Edoderoo (talkcontribs)
Woordenbrij2 (talkcontribs)

Oké, hartelijk dank!

Ga ik proberen.

Reply to "Hero Elementary"
Multichill (talkcontribs)

The lag is high, but your bot keeps editing. What did you set as maxlag? Please lower it to 5 like everyone else.

Edoderoo (talkcontribs)

Er draaide 1 script elk uur met die setting, de andere die weken achtereen doorlopen liepen wel netjes met 5. Maar nu is hij helemaal gestopt, want vanacht zijn de login-tokens ongeldig verklaard, dus moet ik vanavond eerst mijn wachtwoord opnieuw invullen...

Multichill (talkcontribs)

Die setting? Welke setting?

Edoderoo (talkcontribs)

maxlag=55 ... toen vorige week er elke dag honderden vlinders toegevoegd werden, heb ik met twee scripts die allemaal aan wikidata geknoopt, maar met de serverlag zoals we die de afgelopen maanden kennen, is dat zoveel hollen en stilstaan, dat het eigenlijk niet werkt. Dat zie je het beste aan PAWS, dat is daardoor compleet onbruikbaar geworden. Daarnaast start er bij mij elk uur een script die de nieuwe wd-items van het afgelopen uur een omschrijving geeft. Als de serverlag hoog is, zijn dat vaak maar heel weinig items, maar die liepen nog met een hogere maxlag, dat is wat jij zag. Dat er hier nog drie andere scripts on hold staan, is dan wat lastiger te zien. Maar die maxlag staat nu weer terug op 5, want voor dat script op het hele uur is het niet zo spannend hoe laat hij klaar is.

Reply to "Maxlag again"
MrProperLawAndOrder (talkcontribs)
MrProperLawAndOrder (talkcontribs)
Edoderoo (talkcontribs)

I took it from the DBid, Deutsche Biografie. I saw they have more data we don't have on WIkidata yet, so I will extend my scraper sccript a bit more.... It will make the items more useful, and they will appear in more searches when more properties are filled up. And by adding a VIAF-id that is unique, we might find some duplicates that can be merged afterwards. This way your import is gonna be even more useful. Cooperation Galore ;)

MrProperLawAndOrder (talkcontribs)
Edoderoo (talkcontribs)

I know ... I will run a full run to fill the VIAF maybe this weekend ... not every single one will get a VIAF, but that 190.000 can be quite some lower...

MrProperLawAndOrder (talkcontribs)

Yeah! Great! Any support very welcome. But please don't take VIAF from that website. Could be a bit out of date. Yes, VIAF adding is high prio to find more duplicates!
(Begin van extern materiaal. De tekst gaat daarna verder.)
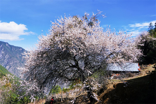 人间四月,百花渐次凋零,而云南迪庆德钦县奔子栏镇山间牧场的桃花却刚刚初绽。在繁华春色即将落幕的谷雨前夕,它们如同春天的最后一次回眸,肆意绽放。(斯娜卓玛 摄)
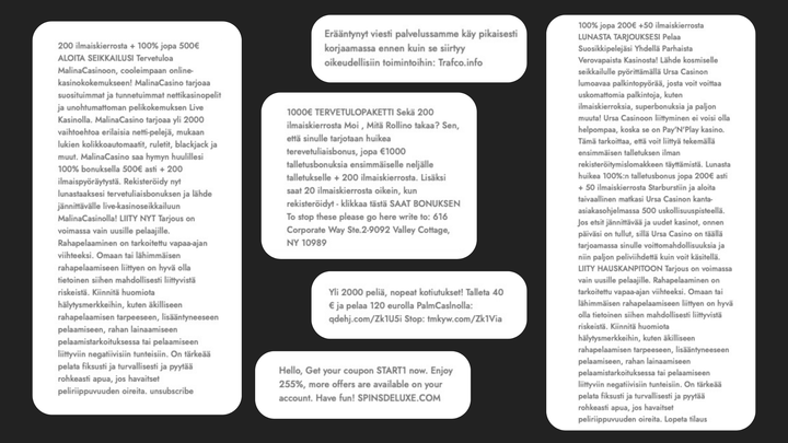 Myös huijausviestit Verohallinnon ja Traficomin nimissä ovat jatkuneet. Lisäksi kasinopelien laiton mainonta on lisääntynyt huomattavasti, ja useat suomalaiset ovat saaneet sähköposteja ja tekstiviestejä, joissa luvataan houkuttelevia kasinobonuksia. Muiden kuin Veikkauksen rahapelien markkinointi on laitonta Suomessa.
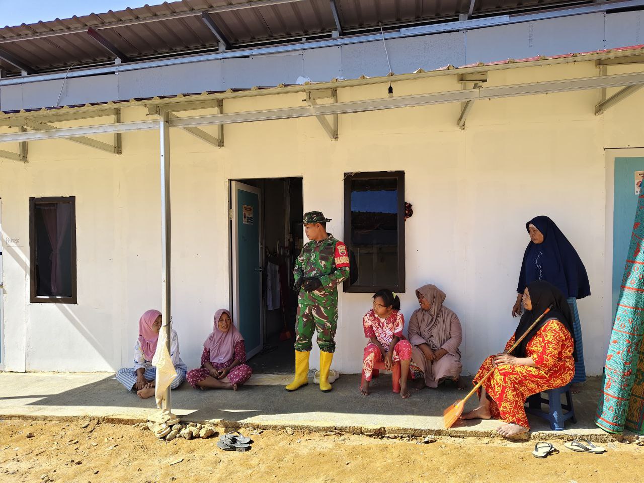 Dalam kegiatannya, Babinsa Serda Henri Sormin menyapa dan berbincang dengan beberapa warga khususnya Ibu-ibu yang berada di lokasi rumah Huntara
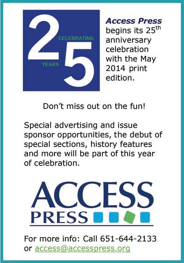 Application to mail at Periodicals Postage Prices is Pending at the St. Paul, MN 55121 facility. POSTMASTER: Send address changes to Access Press at 161 St. Anthony Ave, Suite 901, St. Paul, MN 55103.
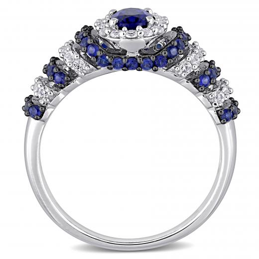 Give yourself a glamorous look when you wear this enchanting Created Blue Sapphire and Created White Sapphire Ripple Ring. Crafted in lustrous sterling silver, it features a gleaming oval-cut, prong-set created blue sapphire gemstone (6 X 4mm) in the center with a halo of round-cut, prong-set shimmering created white sapphire gemstones. It also showcases 36 dazzling round-cut, prong-set created white sapphires and 40 round-cut, prong-set created blue sapphire gemstones forming alternating rows down the band. Enhanced with a high polish finish, this charming gemstone ring makes a fashionable addition to any jewelry collection.
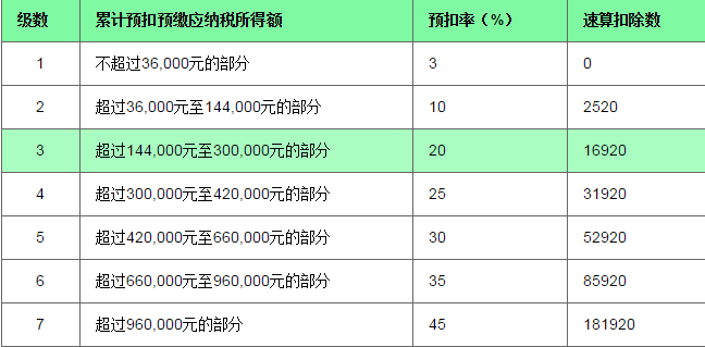 个人所得税预扣率表一(居民个人工资、薪金所得预扣预缴适用)
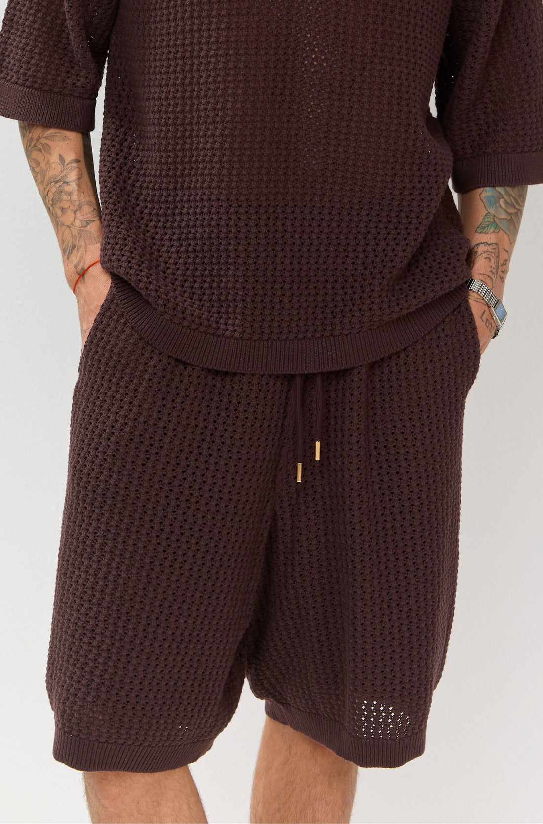 Timeless texture meets modern structure. The Brown Crochet Polo embodies THL’s approach to contemporary craftsmanship...
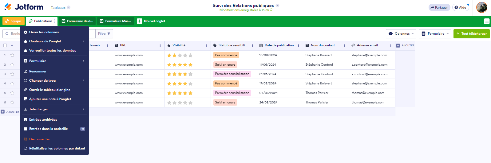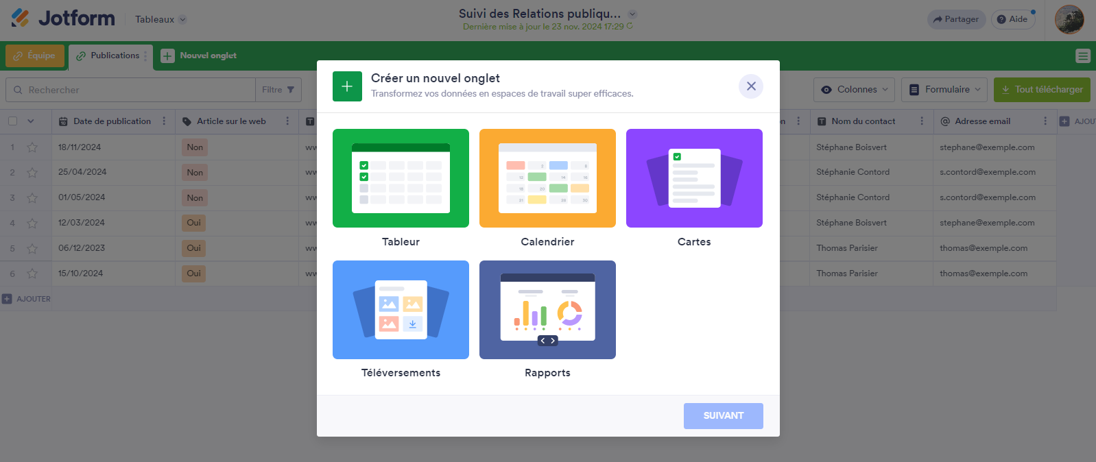 Les Tableaux Jotform révolutionnent ce processus en vous permettant d’effectuer toutes ces tâches au même endroit, et ce, gratuitement.
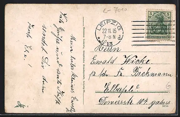 gelaufen 1915, Eckknicke li. unten u. re. oben, guter Zustand
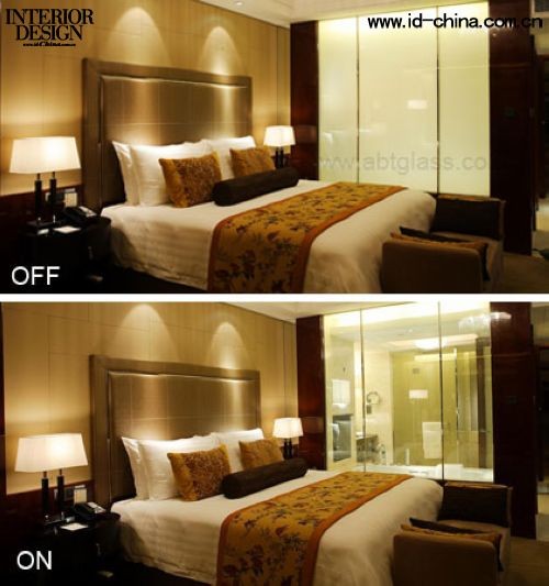 調光玻璃(浴智屏)作為星級酒店客房隔斷,客房不再狹窄壓抑。透明狀態寬敞明亮;霧化狀態享受私密。
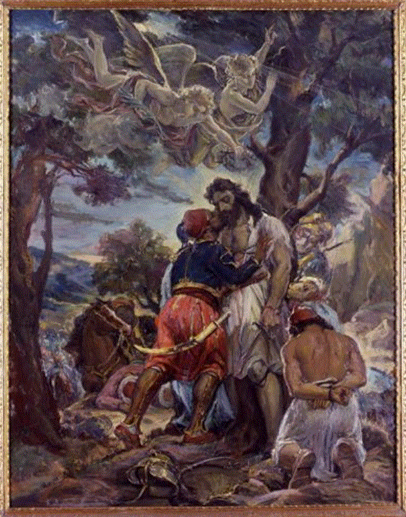 *Στην κεντρική φωτογραφία του παρόντος άρθρου, «Το Φίλημα»: ο Ιμπραήμ ασπάζεται τον νεκρό Παπαφλέσσα σε ένδειξη σεβασμού μετά τη μάχη στο Μανιάκι (ελαιογραφία σε μουσαμά του Ανδρέα Γεωργιάδη, 1960, Εθνικό Ιστορικό Μουσείο).
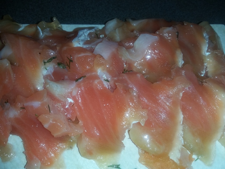 Слабосоленую красную рыбу, если она целым куском, нарезать тонкими ломтиками:
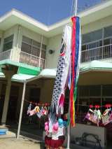園庭にみんなで大きなこいのぼりをあげました! 「こいのぼりさん頑張れ〜」「歌を歌...
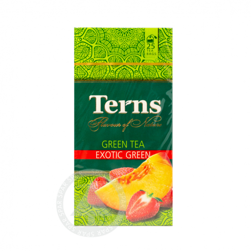 Зеленый чай Terns Exotic Green — идеальный выбор для ценителей нежного и ароматного напитка. В упаковке 25 пакетиков. Этот чай прекрасно подходит для утреннего чаепития и освежающего перекуса в течение дня. Насладитесь его тонким вкусом и свежестью в любое время.
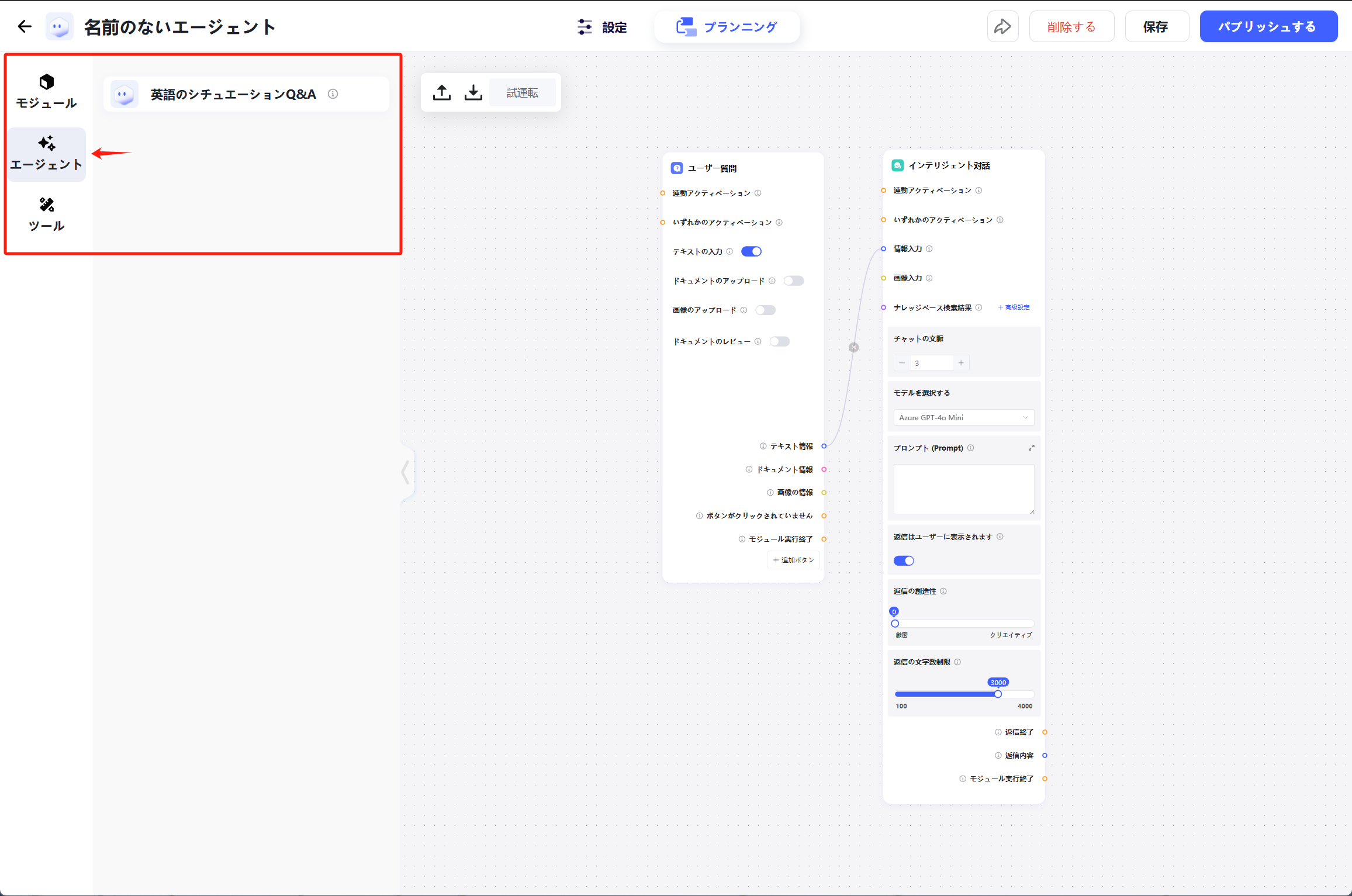 各サブエージェントには 「Agent対話終了」モジュールは1つのみ設置可能です。

The GND LDS (linked data service) offers even more data than only VIAF. Some stuff on DtBio website is just from a GND LDS dump, other stuff is their own - also depending on the items. But VIAF is always from the GND LDS dump, so safer to get it from there or from viaf.org.

MrProperLawAndOrder (talkcontribs)

Why do you still take VIAF from DtBio website. It is not as safe as to take it from GND LDS. During item creation I on purpose avoided loading it from there.

MrProperLawAndOrder (talkcontribs)

Is it difficult to do it from GND LDS?

Edoderoo (talkcontribs)

Oh, I think I misunderstood the discussion elsewhere. What about the other data on DtBio, like birthdate, profession, gender, etc?

MrProperLawAndOrder (talkcontribs)

Most comes from GND, including the errors. DtBio aggregates GND IDs from various sources from DE. AT. CH and mixes it with GND dumps. So, DtBio has data on a subset of GND IDs. What they have on top of GND data are the external links - which is really helpful to find out more about these humans. Some of these external links are also tracked in WD properties. So, DtBio is really helpful for WD. Only items in ADB (which is public domain and also in wikisource) and NDB have a lot extra data, but to import data from NDB probably could be copyvio. GND is CC0, birthdate, profession, gender - all in GND. GND bot/script would be great.

Edoderoo (talkcontribs)

I now see where we are talking along eachother. The values vor P7902 and P227 are the same. I use the link for P7902 with the data from P227, so effectively I grab the data from GND.

MrProperLawAndOrder (talkcontribs)

In most cases the value for P7902 should exist in P227. Some differences can exist. Also P227 can contain deprecated values (redirects) while in P7902 these should be deleted. Effectively you only "need" to work on P227 for P31=Q5. The existence of P7902 is just an indicator that that human could be more "important".

MrProperLawAndOrder (talkcontribs)
Edoderoo (talkcontribs)

Good, they will add more data then I do right now. Because the database is locked every other 10 minutes, it becomes a bit frustrating to develop a new script, as PAWS is at those times not allowed to even read data from WikiData. It is stupid, but there seems to be no way around. When the time is right I might add more data to my script, if others already filled up the gap with QS: no problem at all, I will find another task when there is time for it...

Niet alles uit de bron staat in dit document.